> RECORDS PROVIDED
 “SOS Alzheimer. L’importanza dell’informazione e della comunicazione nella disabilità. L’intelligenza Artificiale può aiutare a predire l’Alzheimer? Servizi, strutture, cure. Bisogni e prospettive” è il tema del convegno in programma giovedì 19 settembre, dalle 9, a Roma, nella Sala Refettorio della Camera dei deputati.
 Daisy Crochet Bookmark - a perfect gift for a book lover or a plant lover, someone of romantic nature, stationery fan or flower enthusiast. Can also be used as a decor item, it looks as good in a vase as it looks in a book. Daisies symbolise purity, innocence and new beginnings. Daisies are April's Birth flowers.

---

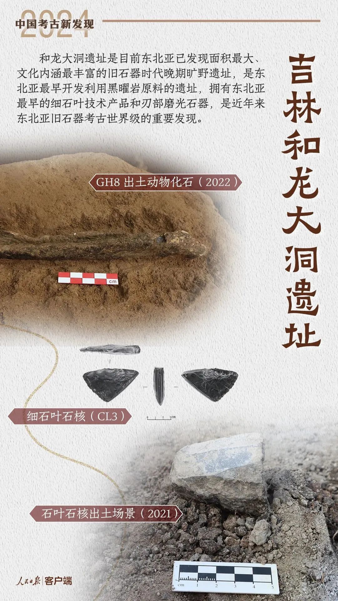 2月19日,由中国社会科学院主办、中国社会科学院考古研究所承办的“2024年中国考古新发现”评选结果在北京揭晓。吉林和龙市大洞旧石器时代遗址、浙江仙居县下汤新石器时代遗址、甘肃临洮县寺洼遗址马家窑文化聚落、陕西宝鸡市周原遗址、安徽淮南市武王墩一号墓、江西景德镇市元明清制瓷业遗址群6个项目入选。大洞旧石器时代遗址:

> EXERCISE BRIEF
Take the lines above from the one containing "Camera dei deputati." down to the one containing "Daisy Crochet Bookmark", and transcribe them exactly, both ends included.

> YOUR SOLUTION
 “SOS Alzheimer. L’importanza dell’informazione e della comunicazione nella disabilità. L’intelligenza Artificiale può aiutare a predire l’Alzheimer? Servizi, strutture, cure. Bisogni e prospettive” è il tema del convegno in programma giovedì 19 settembre, dalle 9, a Roma, nella Sala Refettorio della Camera dei deputati.
 Daisy Crochet Bookmark - a perfect gift for a book lover or a plant lover, someone of romantic nature, stationery fan or flower enthusiast. Can also be used as a decor item, it looks as good in a vase as it looks in a book. Daisies symbolise purity, innocence and new beginnings. Daisies are April's Birth flowers.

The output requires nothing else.